Line by line, repeat the material below exactly and leave the images out.

★ ★ ★ ★ ★ ★ ★

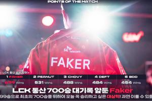 LOL历史首位拿到单一联赛700胜场为Faker,而LCK历史第二胜场的Peanut目前只有531胜。
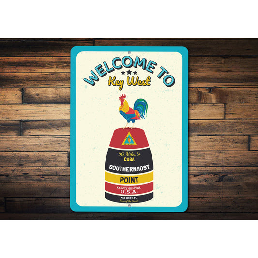 Key West Est. Year Metal Sign, Rooster Bouy Beach Metal Sign
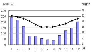 4、单选题 下图是北半球亚热带某地降水量逐月累计曲线图。读图完成下列问题。 |
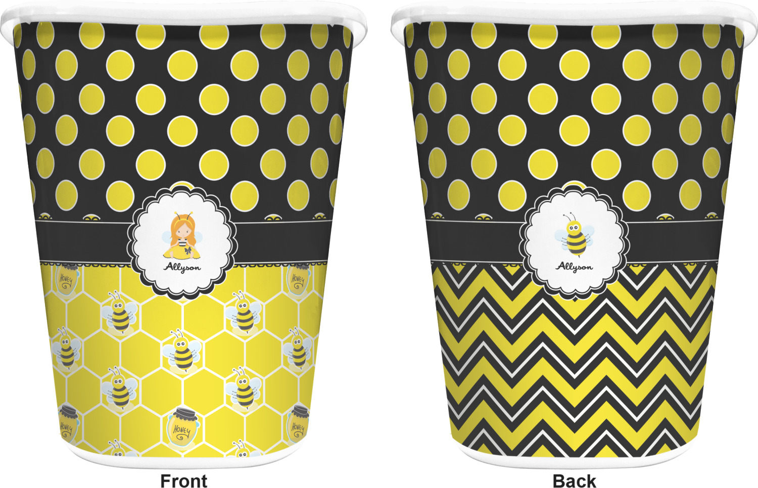 You can choose to purchase these decorative wastebaskets in either a white or a black color that will show on the base and the upper rim. Your customization is printed on a high-gloss, fine-quality vinyl adhesive, and you can choose to either have this adhesive applied to one side only or to both sides. As such, this plastic wastebasket can be single-sided or double-sided, depending on your creative vision. Your customization is printed using durable inks, making the design waterproof and resistant to fading over time.
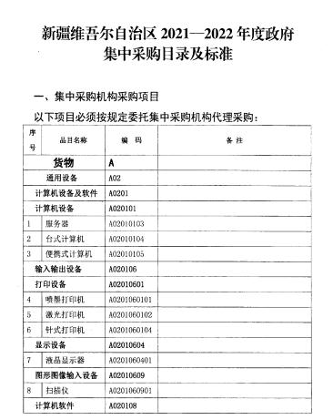新疆維吾爾自治區2021-2022年度政府集中采購目錄及標準
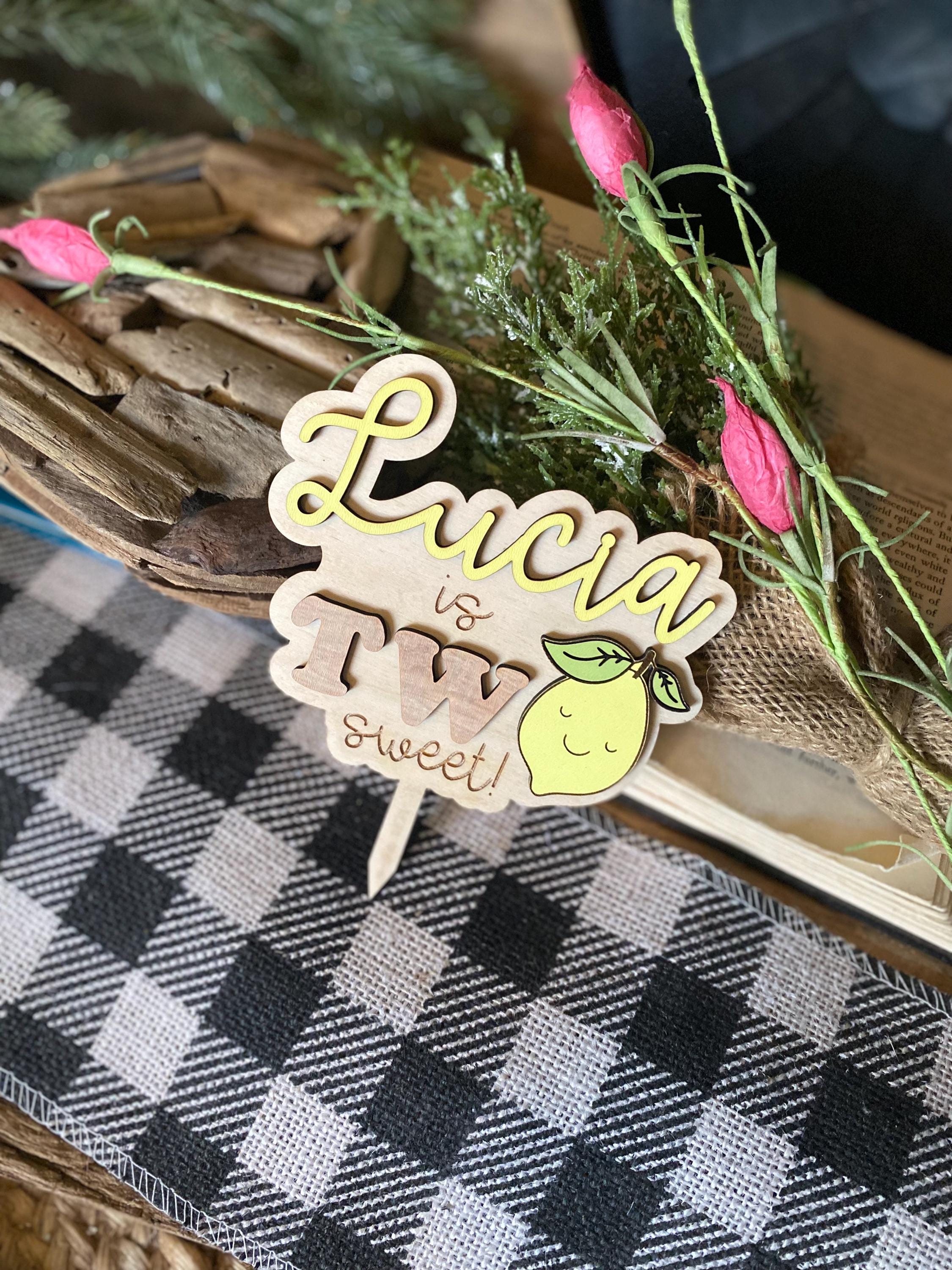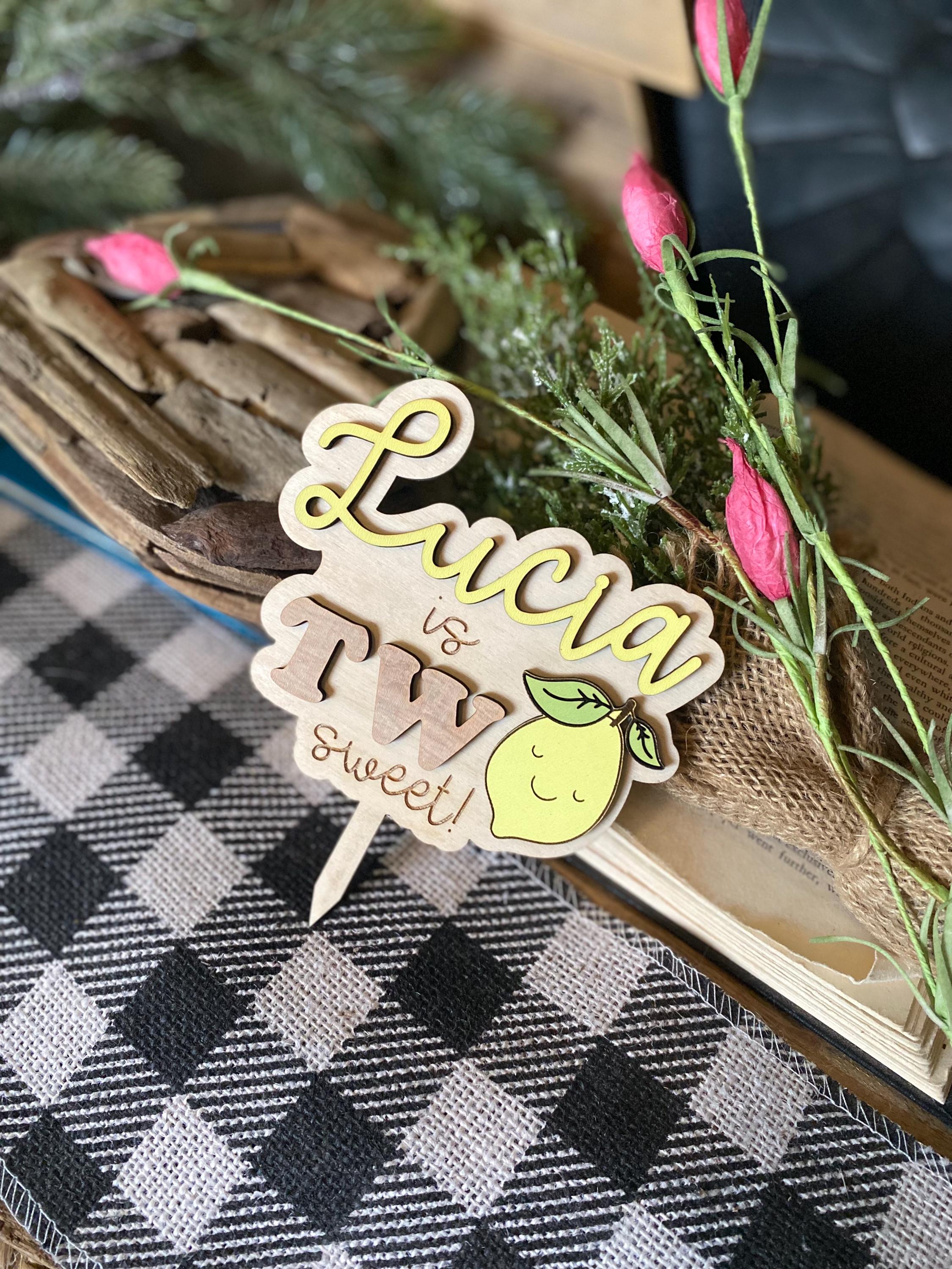 Two Sweet Birthday Cake Topper, Lemon Cake Topper, Lemon Birthday, Easy Peasy Lemon Cake Topper, Name Cake Topper, Lemon Birthday Topper
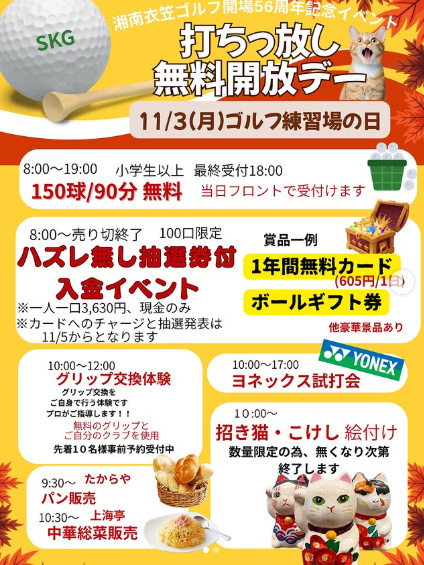 2025/10/29 <11/3>湘南衣笠ゴルフ 56周年記念イベント開催!
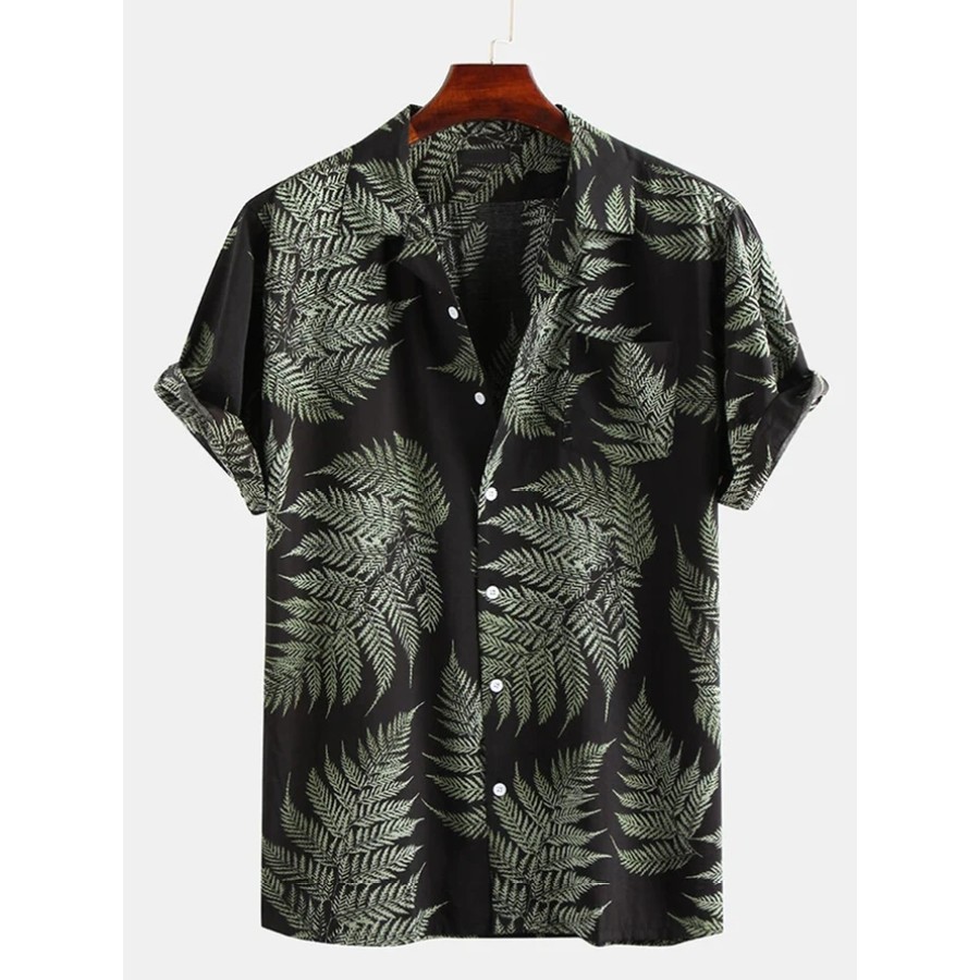 button-downs,fashion printed short-sleeved shirt

★ ★ ★ ★ ★ ★ ★

- OUTPUT:
 LOL历史首位拿到单一联赛700胜场为Faker,而LCK历史第二胜场的Peanut目前只有531胜。
 Key West Est. Year Metal Sign, Rooster Bouy Beach Metal Sign
 4、单选题 下图是北半球亚热带某地降水量逐月累计曲线图。读图完成下列问题。 |
 You can choose to purchase these decorative wastebaskets in either a white or a black color that will show on the base and the upper rim. Your customization is printed on a high-gloss, fine-quality vinyl adhesive, and you can choose to either have this adhesive applied to one side only or to both sides. As such, this plastic wastebasket can be single-sided or double-sided, depending on your creative vision. Your customization is printed using durable inks, making the design waterproof and resistant to fading over time.
新疆維吾爾自治區2021-2022年度政府集中采購目錄及標準
 Two Sweet Birthday Cake Topper, Lemon Cake Topper, Lemon Birthday, Easy Peasy Lemon Cake Topper, Name Cake Topper, Lemon Birthday Topper
 2025/10/29 <11/3>湘南衣笠ゴルフ 56周年記念イベント開催!
 button-downs,fashion printed short-sleeved shirt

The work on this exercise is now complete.